The Organizational Impact of a Foundational GenAI Strategy
Copyright by Stephan Klaschka 2010-2025
Innovative Sputtering
AI is hyping and Generative AI (GenAI), in particular. It emerged and rose in a short time to offer great opportunities and rewards for practically everyone. Nonetheless, companies struggle to fully embrace and deploy AI strategically and effectively.
Limited GenAI experiments mushroom in various departments but, soon enough, they don’t achieve their full and meaningful potential, and run out of steam, favor, support, and funding. Why is that?
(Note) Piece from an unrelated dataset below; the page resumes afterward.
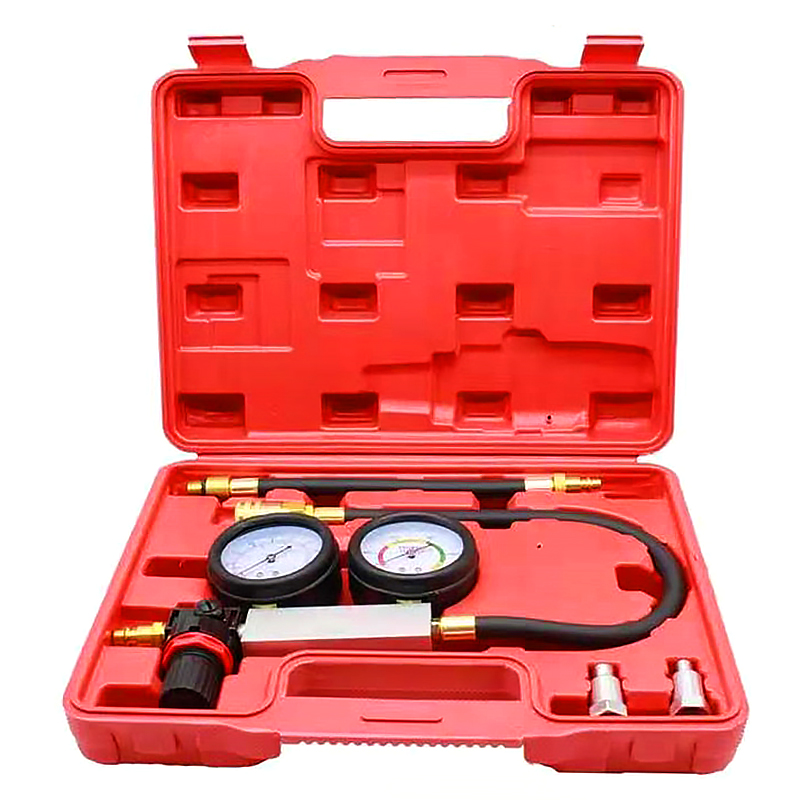 Представляет собой специальное приспособление с  двумя манометрами при помощи которого можно выявить целый ряд таки неисправностей как, плотность прилегания клапанов, целостность прокладки головки блока цилиндров, выявить трещины в стенках цилиндров, проверить плотность прилегания поршневых колец двигателе внутреннего сгорания.

We understand AI, at this stage, to become an augmentation to the workforce, a digital partner to empower and propel employee productivity. Each department seeks AI-worthy applications, low-hanging fruit, for implementing GenAI-based solutions. Many companies jump head-first into the water in this fashion so as not to miss out on a timely competitive advantage. Very few seem to approach AI more level-headed with a sound and comprehensive AI strategy.
Starting at the Wrong End
I offer this explanation: The trouble starts by thinking too small, too isolated, too siloed. The common approach is to integrate AI technology into the existing organizational structures - its divisions, functions, and departments- that are working side-by-side and often enough in silos with little incentive to collaborate closely to achieve the overall mission (see also Why mature organizations can’t innovate and Overcoming the Three Big Hurdles to Innovation in Large Organizations).
After all, that’s what company departments were originally established for. This also extends to the composition of employee incentives and career paths designed to match and progress through the structure of the organization. This design is to meet the departmental and functional goals of the organization. The separated departments, people, systems, and data form silos with the common success metrics focused on within the siloed structures. They offer no paramount incentive for comprehensive and focused collaboration.
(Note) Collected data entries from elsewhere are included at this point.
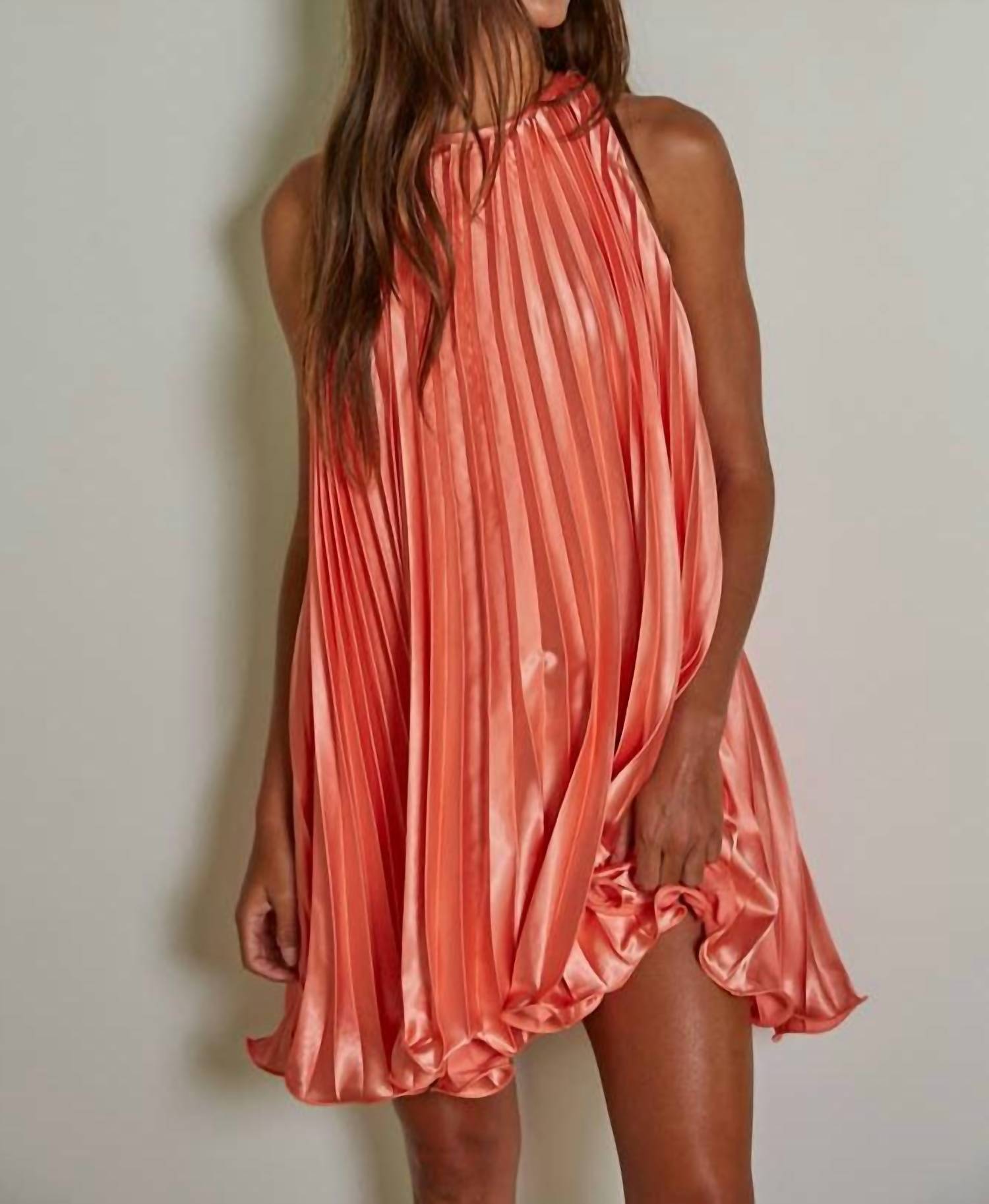 The kind of easy and flattering dress you'll be reaching for all season long. Step into the spotlight with the Accordion Pleated Round Neck Sleeveless Mini Dress by By Together, a chic choice for any celebration. Crafted from a woven satin blend of 97% Polyester and 3% Spandex, this dress offers a flattering sleeveless cut with textured accordion pleats in a vibrant Coral Reef hue. Sleek and stylish, it features a back slit with a convenient zip closure. Care instructions recommend a gentle hand wash to maintain its elegant silhouette. Available in Small, Medium, and Large sizes, perfect for your next dinner party or festive outing.
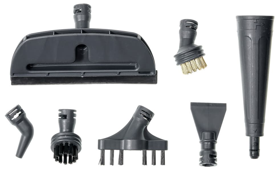| Аксессуары | струйная насадка, угловая насадка, круглые нейлоновая и латунная щетки, скребок, скребок для стекла, щелевая щетка, текстильная насадка для отпаривания |
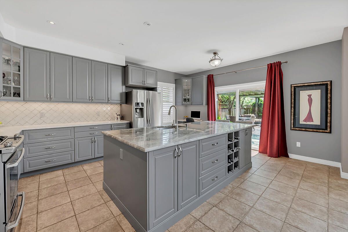 • Renovated gourmet kitchen features a large island and modern appliances.
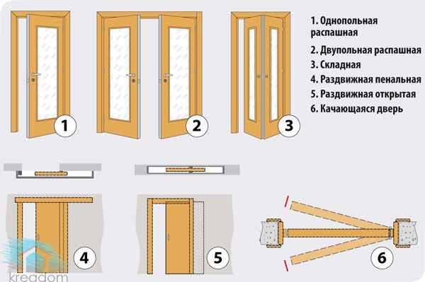 Виды дверей по способу открывания
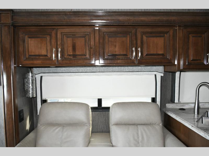 From the moment you step inside, the Meridian 38P impresses with its airy layout and upscale design. The front living area feels open and inviting thanks to opposing slides, making it perfect for entertaining or relaxing after a day of exploring. The kitchen’s U-shaped design offers both functionality and style, giving you plenty of room to cook, serve, and gather.
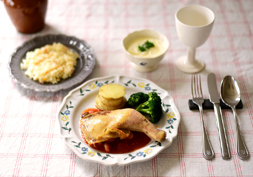 付け合わせのトマト煮や野菜も準備万端です。
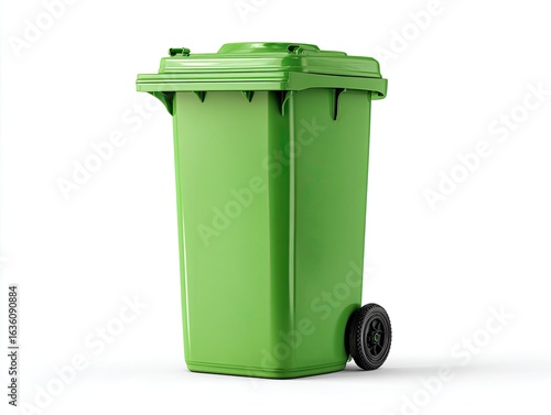Green plastic trash can
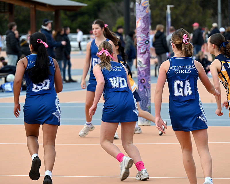 During Round 8 of IGSSA Sport, Saints Girls participated in Pink Round. Pink Round unites schools across South Australia in a vibrant show of support. This heartfelt initiative raises awareness and vital funds for Breast Cancer Network Australia (BCNA), which provides essential services and support to individuals and families affected by breast cancer across the country.

Consequently, in today’s organizational structures, hardly any roles exist that are incentivized to deploy AI to its full potential cross-functionally and to open up safe spaces to experiment broadly. Companies tend to remain internally focused with metrics that apply within their wall and employee incentives aligned with this closed-wall perspective.
And so, one organization after the next misses to support and align with the outcomes that matter most for the customer: the value generated along the customer’s journey.
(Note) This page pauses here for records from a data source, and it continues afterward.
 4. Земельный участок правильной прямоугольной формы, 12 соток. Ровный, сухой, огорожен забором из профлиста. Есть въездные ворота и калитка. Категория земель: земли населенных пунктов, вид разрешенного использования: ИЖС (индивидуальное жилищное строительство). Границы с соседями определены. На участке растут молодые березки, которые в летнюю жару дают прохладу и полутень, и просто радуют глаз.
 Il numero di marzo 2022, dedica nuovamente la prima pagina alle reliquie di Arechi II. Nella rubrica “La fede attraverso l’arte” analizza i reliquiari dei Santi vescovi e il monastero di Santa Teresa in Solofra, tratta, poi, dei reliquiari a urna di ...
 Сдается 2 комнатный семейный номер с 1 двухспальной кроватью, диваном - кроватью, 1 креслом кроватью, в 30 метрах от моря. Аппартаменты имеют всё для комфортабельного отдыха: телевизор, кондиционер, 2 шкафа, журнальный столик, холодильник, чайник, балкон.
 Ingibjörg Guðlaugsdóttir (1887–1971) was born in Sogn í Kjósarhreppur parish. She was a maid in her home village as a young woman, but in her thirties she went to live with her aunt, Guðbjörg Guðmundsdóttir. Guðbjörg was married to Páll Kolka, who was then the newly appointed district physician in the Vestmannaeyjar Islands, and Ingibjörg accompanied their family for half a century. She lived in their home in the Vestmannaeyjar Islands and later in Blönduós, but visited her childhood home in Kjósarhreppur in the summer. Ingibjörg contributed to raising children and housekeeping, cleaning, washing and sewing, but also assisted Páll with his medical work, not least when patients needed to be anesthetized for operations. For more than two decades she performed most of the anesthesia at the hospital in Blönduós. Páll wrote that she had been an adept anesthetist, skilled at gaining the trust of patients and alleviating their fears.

Taking the Path of the Customer Journey
Aligning with the true customer journey to generate value that is important to the customer is key, and data forms the core of the AI-based transformation. The actual customer journey and its outcome are, likely, very different from the often proudly acclaimed ‘customer-centric’ accolades in glossy presentations and pitch decks. It requires stepping back and taking an honest and detailed new view entirely from the customer’s perspective.
It needs to connect the dots of people, data, and processes to measure the value created for the customer at each step along the way. This becomes the blueprint for the data-centric organization in which Gen AI together with other systems and tools become levers that enable the staff to create the value the customer seeks and is willing to pay for. Creating this value for the customer is easier said than done, so how do we get there?
Saddling the Horse
Truly leveraging the data of an enterprise requires bigger and more cross-functional thinking. The challenge is to enable all parts of the organization to achieve the intended objectives and with data-sharing at its core. It may require more than even a unified data model: This most comprehensive approach then lends itself to adjusting the organization structure in support of the new mission.
Sharing the relevant data effectively will likely require restructuring and reorganizing around the new mission to unlock the value creation with the realignment of organizational structures, processes, and incentive schemes.
A new mindset is needed through the organization to achieve all this is supply chain thinking around value disciplines to build the new ‘product’, i.e. the value creation truly for the customer with methods being applied across the organization to map and elevate the customer journey in new ways: from identifying the value drivers, effectively sharing the relevant data, remodeling the organizational structure, aligning the incentive system, and so on.
Yes, this approach is a major, transformational overhaul that, by its very nature, bears its risks. It includes re-inventing the business model, so it may not be for the faint-hearted. Instead of experimenting with proof-of-concept in one or a few departments, the approach entails a company-wide proof-of-value in the operational model along the customer journey. The metrics strictly follow the value generators to guide the way and reshape, where necessary, the very structure of the organization.
While the necessary effort is high, the outcomes are likely the largest differentiators to any competitor and make a real difference for the customer, which the customer is willing to pay for.